Note that features 1–4 and 6 are used to somehow characterize the strength of the fMRI response, while features 5 and 7 estimate the delay in activation. Not only can the different measures of activation strength usually presented on individual activation maps join additional similar features in a single analysis, but they can be combined with features that are harder to present visually, such as the delays, leading in effect to a spatio‐temporal analysis [Goutte et al., 1998].

Clustering

In this paper, we use the standard and simple K‐means algorithm, as presented, for example, by Tou and Gonzalez [1974], Ripley [1996], or Goutte et al. [1999]. For a given number of clusters K, the algorithm iteratively minimizes the within‐class variance by assigning data to the nearest centre and recalculating each center as the average of its members. For simplicity, the Q‐dimensional data vectors u_j will be indexed with j ∈ {1, …N}, such that for all (x, y, z), there exists a unique j such that u(x, y, z) = u_j. The K‐means algorithm iterates the following steps:

1
Initialize K clusters C_k, k = 1…K, with centers c_k ⁽ⁱ⁾, for iteration i = 0.
2
Assign each data vector u_j to the cluster C_k with the nearest center c_k ⁽ⁱ⁾, based on a distance metric between the cluster center and the data vector, d(u_j, c_k ⁽ⁱ⁾).
3
Set new cluster center c_k ⁽ⁱ⁺¹⁾ to the average of its members: c_k ⁽ⁱ⁺¹⁾ = 1/|C_k| ∑ $_{j∈C_{k}}$ u_j

until a stable partition is found (this is achieved in a finite number of iterations and usually quite fast, cf. Bottou and Bengio [1995]). The role of the distance metric d(u_j, c_k ⁽ⁱ⁾) is discussed in detail by Goutte et al. [1999].

Initialization

There are usually several stable partitions, depending on the initial configuration. Of the different possible initialization strategies available, we simply use a random subset of the data as initial centers. To limit the effect of the stochastic initialization, we will usually perform several clusterings using different random initializations, and choose the final partition that has the lowest within‐class variance [Goutte et al., 1999]. This is usually no problem as the K‐means algorithm itself is extremely fast. Note that this multiple initialization procedure is in turn a stochastic process, as the minimum will depend on the particular set of initial centers chosen. This problem is addressed below by deriving empirical error bars on the resulting configurations.

Number of clusters

One of the key problems in clustering is to decide on the number of clusters.

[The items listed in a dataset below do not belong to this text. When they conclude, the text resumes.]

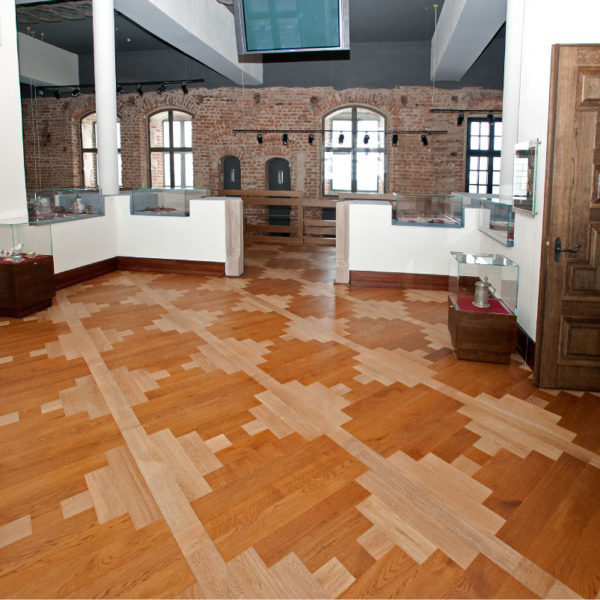 Мирский замок, построенный в 20-х годах XVI века, – один из самых значимых памятников национальной культуры Беларуси, внесенный в Список объектов Всемирного наследия ЮНЕСКО. Участие в реставрации таких важных исторических сооружений – особая ответственность. Для воссоздания оригинального художественного рисунка паркетного пола эпохи Радзивиллов в двух парадных залах старинного замка реставраторы выбрали массивный дубовый паркет Coswick. Необходимо было точно воспроизвести историческую укладку, внешний вид и тонировку покрытия на основе сохранившихся архивных документов. Поэтому паркет для этого проекта изготавливался по специальному заказу. Сложная геометрия помещений со множеством углов требовала особого мастерства установщиков. Каждую планку специалисты компании «Темпла» вручную подрезали на месте, подгоняя под эскиз.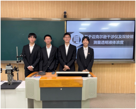 本届赛事吸引了包括清华大学、北京大学等G9高校在内的全国500多所高校、2000多支队伍同场竞技,参赛学生人数逾万人。经过两天三轮的激烈角逐,亚洲无码 推选的5支参赛团队分别获得一等奖1项、二等奖1项、三等奖2项和优秀奖1项,获奖类型实现了命题类、自选类、讲课类赛道全覆盖。其中,一等奖作品为《基于迈克尔逊干涉仪及双棱镜测量透明液体浓度》,作者为2020级物理学(师范)专业学生林忠胜、贾如、洪灿、江维娜等,指导师是温大物理系张栋老师。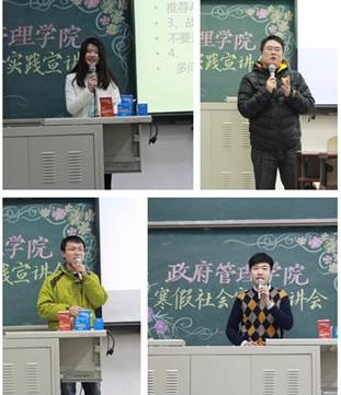 12月26日晚六点半,今年会jinnianhuicom2015年寒假社会实践宣讲会在今年会官方网站沙河校区主教214举行。今年会jinnianhuicom公共管理专业老师罗海元、团总支书记孙帮谦、团总支副书记冯梦迪、校实践学术部副部长王星皓、2014年暑假社会实践校级优秀个人黄灿灿出席本次活动。本次交流会由今年会jinnianhuicom学术实践部干事周新博主持。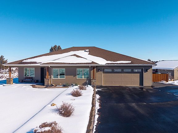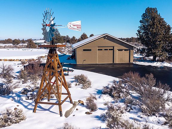 Stunning 9.93-acre property just east of Bend, featuring 7.7 acres of irrigation, a 1445 sq ft shop, and a beautifully maintained single-level home surrounded by lavender fields. Built in 2015, this home showcases quality finishes throughout. The open-concept design is bright and airy with vaulted ceilings, a propane fireplace, and a kitchen with a Travertine-tiled island, granite countertops, stainless steel appliances, custom Hickory cabinetry, and ¾-inch distressed Hickory floors. The dining area includes a large built-in buffet with wine storage. The primary suite offers wool carpet, a walk-in closet, and a luxurious bath with radiant floor heating, a tiled shower, and a soaking tub. There's also a dedicated office and a three-car heated tandem garage. The covered porch, with its cedar ceiling, overlooks the irrigation pond. The shop features three bays, natural light, water and propane connections, insulation, and a mini split for climate control.

Goutte et al. [1999] propose a heuristic argument based on the use of hierarchical clustering, while other contributions on clustering fMRI time series seem to mostly ignore this issue. In this contribution, we adopt a model‐based approach and assume that the data comes from an underlying mixture of Gaussian distributions, with equal isotropic covariance matrices. In that context, we can invoke several information criteria. A more detailed description of the underlying model and information criteria is left to the Appendix, where we give the expression of the Information Criterion proposed by Akaike [1974] (AIC), the Bayesian Information Criterion (BIC) proposed by Schwartz [1978], and the Integrated Completed Likelihood (ICL) of Biernacki et al. [2000]. Using this framework, we will select the number of clusters that yield the highest value for the information criterion. The three criteria given in the Appendix will usually lead to different clustering models. In particular, AIC is known to overestimate the number of clusters. We will illustrate and discuss this below for our two clustering problems.

Normalization

In some cases, the features, i.e., the Q dimensions of the u_j's, have very different ranges. In that case, it is advisable to normalize the data to avoid one feature dominating the clustering process. Indeed, if one feature accounts for most of the variance, the algorithm will tend to cluster this dimension and disregard the remaining features.

Normalization typically involves centering by subtracting the mean and dividing by the standard deviation.

Functional MRI data are characterized by a usually limited number of activated voxels and fairly high activation statistics. In order to robustify the centering, we will use the median, and we scale the centered data such that 99% of the sample is placed in the interval −2.57; 2.57 (i.e., the 99% confidence interval for a standard normal variable). This takes into account that typically less than 5% of the data will have values exceeding the activation threshold. As noted by Goutte et al. [1999], this is equivalent to using a scaling metric instead of the standard Euclidean distance.

For easy reference, we will always display the results in the original (unnormalized) domain. This allows the reader to relate to the actual meaning of the features.

Results

Preprocessing

The data set acquired as a sequence of 128 × 128 voxels images was first processed to identify the location of the brain in the image, using an automated thresholding method in conjunction with standard filters. The masked brain contains 3,891 voxels, and each time series has 1,210 elements. The run‐based detrending is performed according to the description given above.

For 1,210 images, the value of the F statistic corresponding to the 1% threshold is F_.99 = 6.67. To get a meaningful F statistic, the paradigm is first shifted 7 sec to take into account the delay of the haemodynamic response. In the current analysis, 889 voxels out of 3,891 have an F statistic greater than this threshold. They include the primary visual area and lateral areas in the visual cortex, in particular the lateral occipital cortex (Fig. 5).

Sieving nonactivated voxels using an omnibus F test. The 889 voxels that pass the test are indicated in black over the anatomic background. The analyses presented below will be limited to these voxels.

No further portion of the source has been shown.